===== DATA =====

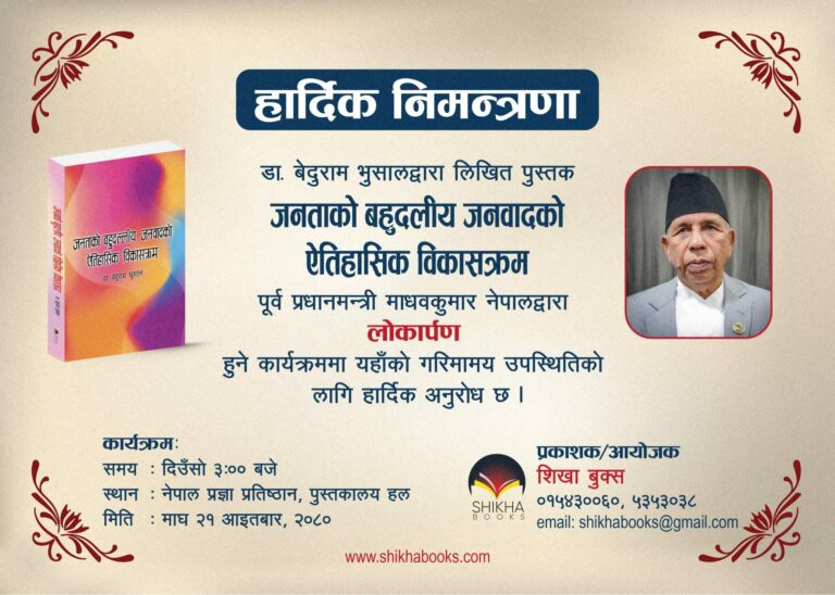 शिखा बुक्सले बजारमा ल्याएको पुस्तकको लोकार्पण नेकपा (एकीकृत समाजवादी)का अध्यक्ष एवंम् पूर्व प्रधानमन्त्री माधव कुमार नेपालले गर्ने कार्यक्रम छ ।
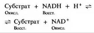 3. Никотинамидные Коферменты - переносчики водорода в обратимых окислительно-восстановительных реакциях (гл. 10). Никотинамидные коферменты могут вступать в обратимые окислительно-восстановительные реакции со специфичными субстратами в присутствии соответствующих дегидрогеназ. В окислительно-восстановительной реакции участвует никотинамидное кольцо кофермента; остальная часть его молекулы играет роль связывающей группы, которую узнает соответствующая дегидрогеназа. Формально источником водорода (Н - Н; см. п. 2) считается NADH + Н+. Когда кофермент окисляется, одновременно должен восстанавливаться субстрат:
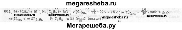 592. Вычислите массовую долю углерода в органических веществах, молекулярные формулы которых СН4 и С2Н6, и сравните полученные результаты. Можете ли вы без вычислений определить, в каком из веществ — С3Н8 или С2Н6 — массовая доля углерода больше?
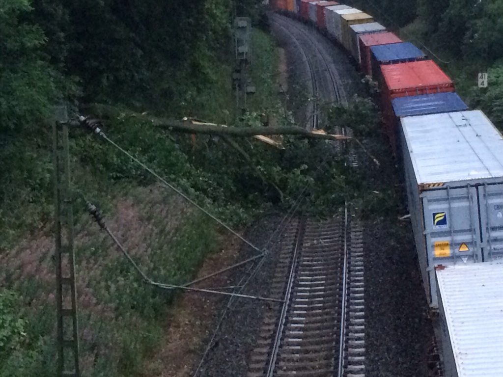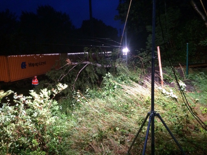 Da die Bäume auf die Oberleitung gestürzt sind, musste die Bahnstrecke zwischen Nienburg und Neustadt gesperrt werden. Die Einsatzstelle wurde ausgeleuchtet und die Bäume mit Hilfe von Seilwinde und Kettensägen aus dem Gleisbereich entfernt. Nach vier Stunden konnten wir wieder einrücken.
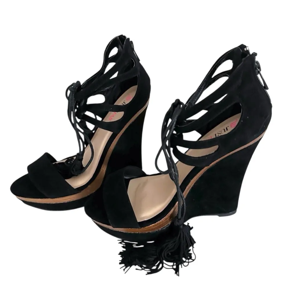 • Black faux suede wedge sandals • Cutout cage-style design with lace-up tassel ties • Back zip cl... Show more
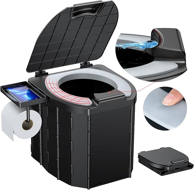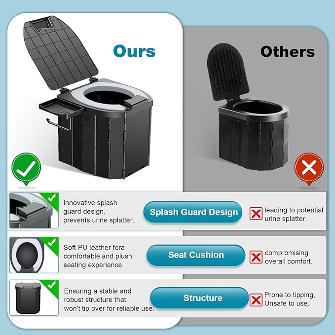 Camping Toilet - Upgraded soft toilet seat with urine Splash Guard, Folding Toilet with Detachable Paper Holder, Portable toilet with a load capacity of 500 lbs, Portable Potty For Emergency Use
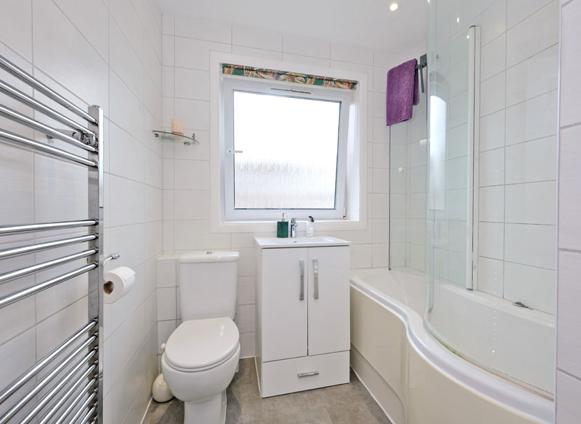 The bright bathroom is fitted with a white three piece suite with MIRA shower over the bath and glazed screen alongside. Fully tiled throughout, heated towel rail, Opaque window.
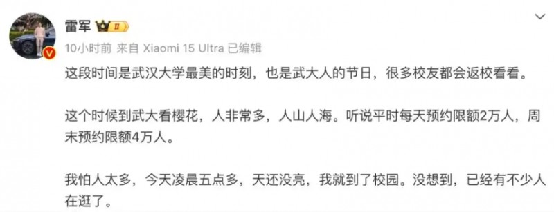 雷军发文:“这段时间是武汉大学最美的时刻,也是武大人的节日,很多校友都会返校看看。这个时候到武大看樱花,人非常多,人山人海。听说平时每天预约限额2万人,周末预约限额4万人。”
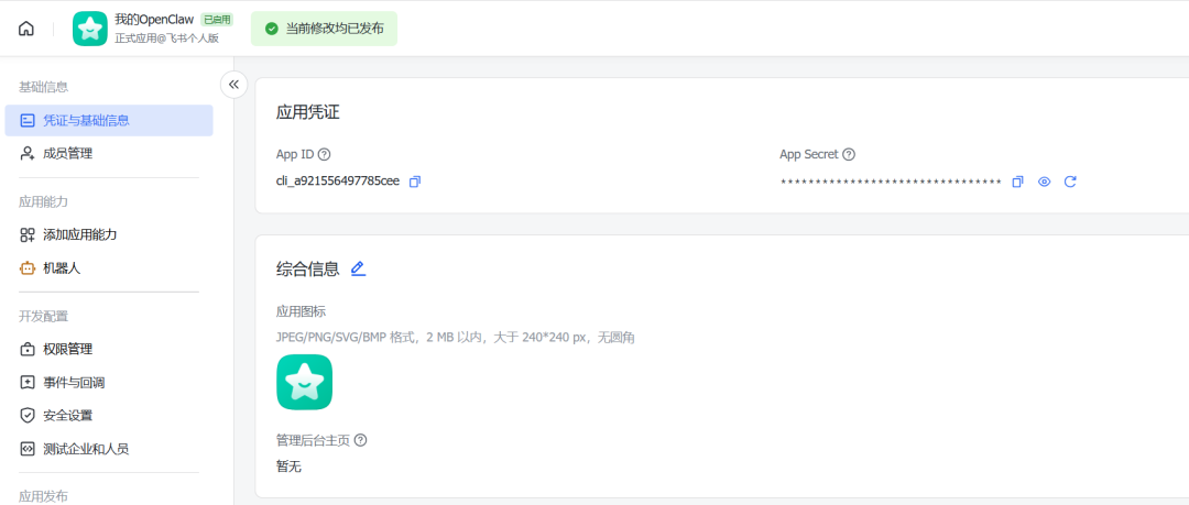 AppID,AppSecrect 在刚才飞书的凭证与基础信息上获取

=====

→ THE PROBLEM
The finished copy should match the data above word for word and contain no pictures.

→ OUTPUT OF THE EXERCISE
 शिखा बुक्सले बजारमा ल्याएको पुस्तकको लोकार्पण नेकपा (एकीकृत समाजवादी)का अध्यक्ष एवंम् पूर्व प्रधानमन्त्री माधव कुमार नेपालले गर्ने कार्यक्रम छ ।
 3. Никотинамидные Коферменты - переносчики водорода в обратимых окислительно-восстановительных реакциях (гл. 10). Никотинамидные коферменты могут вступать в обратимые окислительно-восстановительные реакции со специфичными субстратами в присутствии соответствующих дегидрогеназ. В окислительно-восстановительной реакции участвует никотинамидное кольцо кофермента; остальная часть его молекулы играет роль связывающей группы, которую узнает соответствующая дегидрогеназа. Формально источником водорода (Н - Н; см. п. 2) считается NADH + Н+. Когда кофермент окисляется, одновременно должен восстанавливаться субстрат:
 592. Вычислите массовую долю углерода в органических веществах, молекулярные формулы которых СН4 и С2Н6, и сравните полученные результаты. Можете ли вы без вычислений определить, в каком из веществ — С3Н8 или С2Н6 — массовая доля углерода больше?
 Da die Bäume auf die Oberleitung gestürzt sind, musste die Bahnstrecke zwischen Nienburg und Neustadt gesperrt werden. Die Einsatzstelle wurde ausgeleuchtet und die Bäume mit Hilfe von Seilwinde und Kettensägen aus dem Gleisbereich entfernt. Nach vier Stunden konnten wir wieder einrücken.
 • Black faux suede wedge sandals • Cutout cage-style design with lace-up tassel ties • Back zip cl... Show more
 Camping Toilet - Upgraded soft toilet seat with urine Splash Guard, Folding Toilet with Detachable Paper Holder, Portable toilet with a load capacity of 500 lbs, Portable Potty For Emergency Use
 The bright bathroom is fitted with a white three piece suite with MIRA shower over the bath and glazed screen alongside. Fully tiled throughout, heated towel rail, Opaque window.
 雷军发文:“这段时间是武汉大学最美的时刻,也是武大人的节日,很多校友都会返校看看。这个时候到武大看樱花,人非常多,人山人海。听说平时每天预约限额2万人,周末预约限额4万人。”
 AppID,AppSecrect 在刚才飞书的凭证与基础信息上获取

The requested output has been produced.